Pilate – Ah bon ? Alors, comme ça, Hérode non plus ne veut pas prendre en charge son sujet…

Le centurion – Il m’a demandé aussi de vous dire qu’il vient de recevoir un chargement des meilleurs vins d’Arabie. Et que, aujourd’hui, dans l’après-midi, veille du Grand Sabbat, il voulait le goûter avec vous.

Pilate – Bon, bon, je préfère ça.

Le centurion – Un bon vin, de belles femmes. Vous savez bien comment sont les fêtes au palais du tétrarque.

Pilate – Oh ! Oui, je le sais. Il n’y a pas plus grande canaille dans tout le pays. Mais il faut reconnaître que personne n’organise mieux les ribouldingues ! Envoie un messager et dis à Hérode que nous serons ponctuels à sa fête. Et, tout à fait incertains de l’heure de départ !

Le centurion – Compris, Gouverneur.

Pilate – Bien, Centurion, vous pouvez vous retirer.

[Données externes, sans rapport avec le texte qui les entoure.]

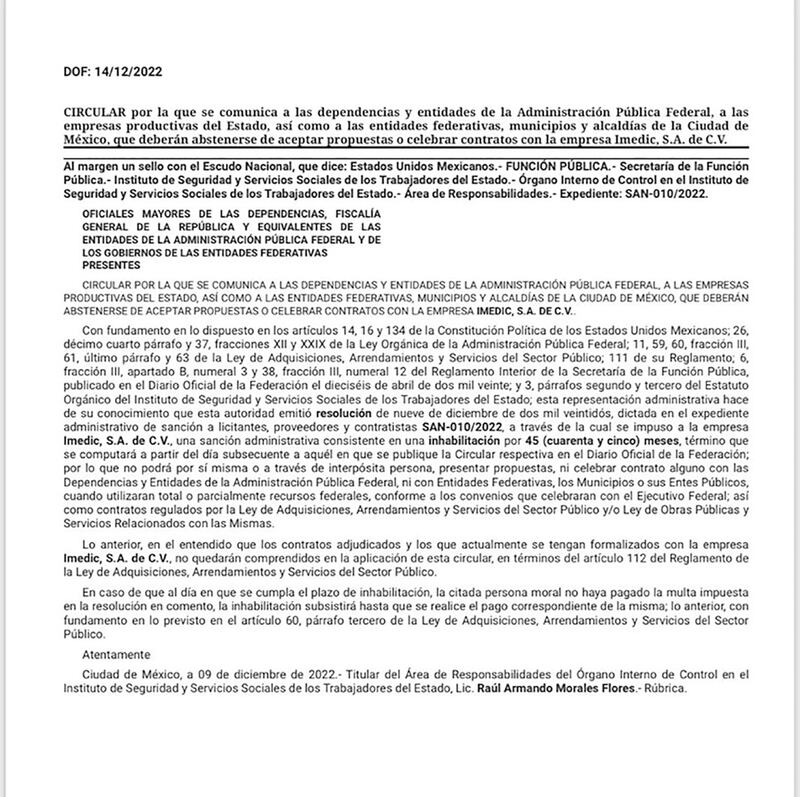 ¿Y la qué?, dirán tanto Pedro Zenteno, director del ISSSTE, como Almendra Ortiz, quienes, de facto, o por sus mentiras o corrupción, serán responsables o corresponsables de las muertes y los pacientes dejados a la deriva que dejó a su paso la adjudicación directa a Imedic de imágenes, endoscopías y biopsias que nunca dio. Aquí les dejo la inhabilitación por 45 meses. Comandante Z, usted, además, tuvo el cinismo de mentir en la comparecencia en la Comisión de Salud en diputados y senadores.

Le centurion – Pardon, Gouverneur. Le prisonnier est en bas. Qu’est-ce que j’en fais ?

Pilate – Ah oui ! J’allais oublier le Nazaréen. Fais-le parler. Je veux des données précises sur ce groupe dans lequel il agit.

Le centurion – Des coups de fouet ?

Pilate – Des coups de fouet et tout ce qu’il faut. Jusqu’à ce qu’il parle. Vérifie ses plans, où ils se réunissent, et surtout, qui sont ceux qui sont dans le coup de la conspiration. Je veux des noms, comprends-tu ? Qu’il crache le nom des autres rebelles qui sont avec lui et les liens qu’ils pourraient avoir dans les provinces.

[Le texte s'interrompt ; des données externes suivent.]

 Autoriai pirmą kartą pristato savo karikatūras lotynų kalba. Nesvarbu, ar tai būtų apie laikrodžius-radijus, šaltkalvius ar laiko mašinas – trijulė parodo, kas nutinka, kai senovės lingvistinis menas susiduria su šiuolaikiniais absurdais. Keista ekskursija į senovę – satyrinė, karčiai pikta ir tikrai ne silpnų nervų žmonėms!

Le centurion – Ne vous en faites pas, je m’en occupe, Gouverneur.

Pilate – Prépare-toi. Le Nazaréen est un oiseau courageux.

Le centurion – Eh bien, nous lui arracherons les plumes, il chantera mieux !

Du palais d’Hérode, dans le haut quartier de Jérusalem, les soldats étaient retournés à la tour Antonia, emmenant Jésus sous bonne garde. Peu importaient les coups que nous avions reçus devant le palais du roi des Galiléens, nous retournâmes ensemble au pied de la forteresse romaine, demandant à grands cris qu’on relâche Jésus et ceux qui avaient été arrêtés aussi durant ces derniers jours de fête.

Un homme – Relâchez Jésus ! Cet homme est innocent !

Une femme – Liberté pour Jésus ! Liberté pour les prisonniers !

Ce vendredi, malgré la pluie, l’esplanade du temple regorgeait de pèlerins qui achetaient des animaux et les menaient pour être sacrifiés dans la cour des prêtres. Les agneaux, en rang, sans un cri, étaient égorgés les uns après les autres sur la pierre de l’autel qui ruisselait de leur sang. Mais beaucoup de pèlerins, entendant le vacarme face à la caserne romaine, abandonnèrent le temple et s’unirent à nous pour protester.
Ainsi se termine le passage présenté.